Materials and Methods


Twenty-six participants (11 female) with self-reported normal hearing between the ages of 18–35 participated in the study. Sixteen participants passively viewed a computer screen during the experiment (“sighted condition”), while ten participants were blindfolded for the duration of the study (“blindfolded condition”). All participants consented to the experiment following guidelines set by the MIT Institutional Review Board. Prior to beginning the experiment, each participant’s ability to hear in the frequency of the stimulus in each ear was tested using part of a pure tone audiometry in the same manner as the first experiment (Wolfe et al., 2005). Participants were compensated 10 for the 30 min experiment.

Testing apparatus

The experiment was designed and run in PsychoPy (The University of Nottingham). All participants were seated in a quiet window-less room at a computer and used the same pair of Sony MDR-NC7 noise canceling headphones to perform the experiment. Participants viewed experimental instructions on the computer, which were also explained verbally by the experimenter. Blindfolds were not put on until the instructions were read and understood. Responses were made on the keyboard.
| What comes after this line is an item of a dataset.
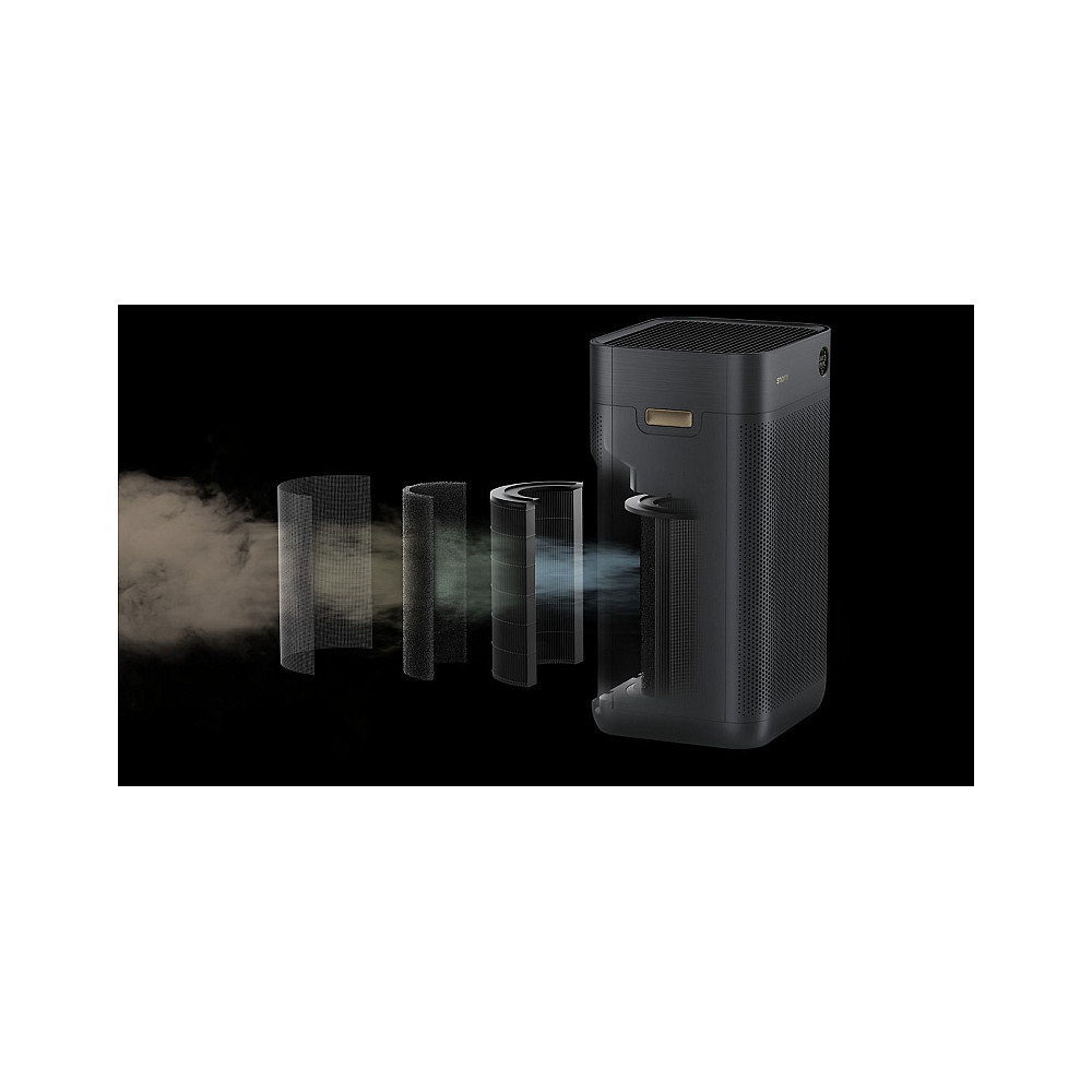 Avancerat 4 i 1 filtersystem. Det flerlagrade filtret består av förfilter, aktivt kol, högeffektivt HEPA filter och skyddslager. Tillsammans fångar de upp mycket små partiklar som damm, pollen, mögelsporer, rök samt luftburna allergener. Filtreringen reducerar även bakterier och virus effektivt.

The audio stimulus was the same as that used in Experiment 1, but now began and ended at the peak volume (perceptually centered at the listener) and was played in headphones at 60 dB SPL. The sound was looped continuously for this experiment; practically, the sound’s volume decreased and increased in waves spanning six seconds from peak to peak, lasting for 1 min total (resulting in ten cycles). The sound remained panned center (between left and right) for its entire duration. A preparatory beep alerted participants to the beginning of each stimulus.

Experimental procedures

Sighted and blindfolded participants participated in the same set of experimental procedures. The illusion stimulus was first explained. The participants were told that the sound could be interpreted as moving to the front or back, and that the sound was in the middle of its trajectory (at the observer) when it reached its peak in volume. The participants were informed that sometimes the sound might bounce off of them or travel through them to the opposite side, resulting in the four different percepts of the illusion. Additionally, whenever the sound reached its lowest volume, it could seem to spontaneously relocate to the opposite side before returning to the listener. The participants listened to a demonstration of the stimulus sound played continuously for 1 min to see if they were able to perceive this front and back motion.
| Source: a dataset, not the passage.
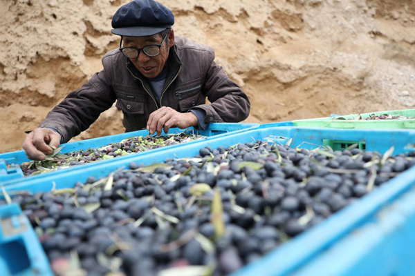 在甘肅隴南市,農(nóng)戶在整理剛剛采摘的油橄欖。新華社記者 陳斌 攝

In the main experiment, participants heard the illusion playing continuously for 1 min, and pressed keys through the duration of the stimulus to indicate if the sound was in front, in back, or in the middle (when the sound reached the participant). During this one minute, the sound made ten loops (from the middle, outwards, and then back to the middle), and adjacent loops were conceptually paired for the analysis (into percepts of front-back, back-front, front-front, and back-back, as in Experiment 1). Key presses were counterbalanced—half of the participants used the left arrow key to indicate “front,” and the right to indicate “back,” while the other half of participants had these keys reversed, with the right arrow key being “front.” In all cases, the down arrow key was used to indicate “middle” or “at the listener.” We avoided using the up and down keys for front and back to minimize any influence of motor response on the perception of the illusion. After the sound was played, a ten second break was provided to refresh any perceptual locking. After seven iterations of the 1 min stimulus, participants received an untimed break and continued with a keypress. Overall, the participants performed 21 runs of 1 min.
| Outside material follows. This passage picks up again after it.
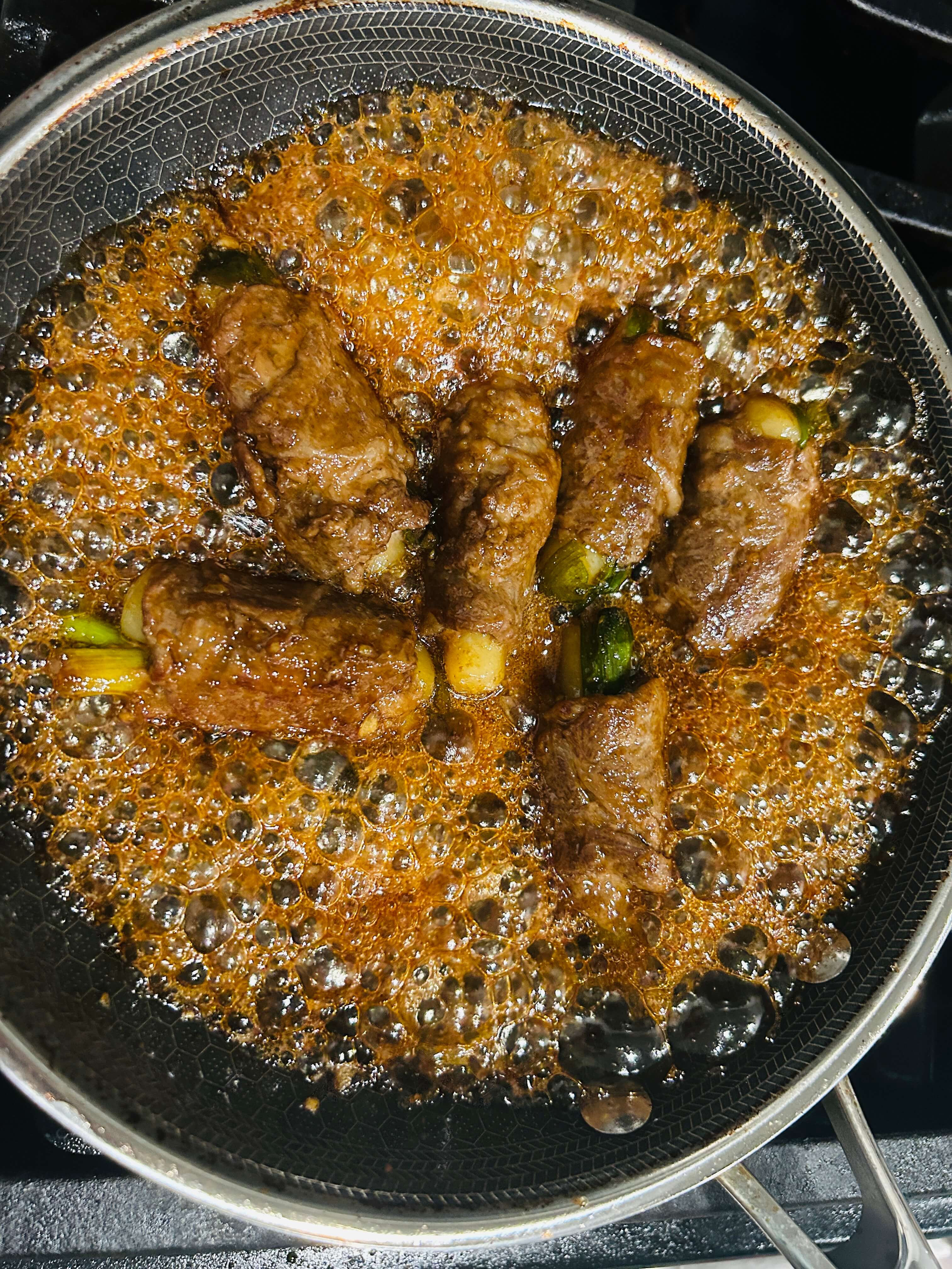 8. 잘 구워진 고기에 소스를 넣어 소스가 잘 베도록 한번 끓여줍니다.

Based on a 2-factor between-subjects ANOVA, there were no significant differences in how sighted vs. blindfolded participants perceived the illusion (p > 0.5). However, there was a significant difference in transverse conditions being perceived significantly more than the bounce conditions across both participant groups (F(1,48) = 61.77, p < 10−9; See Figure 6). These results point to a bias for transverse (front-back or back-front) percepts over bounce (front-front or back-back) percepts, and also provide evidence that one’s percept is not affected by whether the eyes are opened or covered. The significantly higher percepts of transverse conditions vs. bounce were present within each participant group as well (paired-sample t-tests, sighted: t(15) = 4.20, p < 0.001; blindfolded: t(9) = 4.20, p < 0.005). However, there was no significant difference within the transverse condition (sighted: t(15) = 0.94, p > 0.1, blindfolded: t(9) = 0.31, p > 0.5), nor within the bounce condition (sighted: t(15) = 0.55, p > 0.5, blindfolded: t(9) = 0.17, p > 0.5), showing no specific bias beyond a tendency to choose transverse conditions.


Figure 6. Results of Experiment 2: Percent chosen of responses for each of the four conditions, front-back (FB), back-front (BF), front-front (FF) and back-back (BB) for sighted (blue) and blindfolded (orange) groups. When the illusion was heard continuously, participants had a significant transverse (front-to-back and back-to-front) bias over the bounce (front-to-front and back-to-back) percepts (the star indicates a significant effect in a 2-factor ANOVA, p < 10−9). This bias was identical between the sighted and blindfolded participant groups.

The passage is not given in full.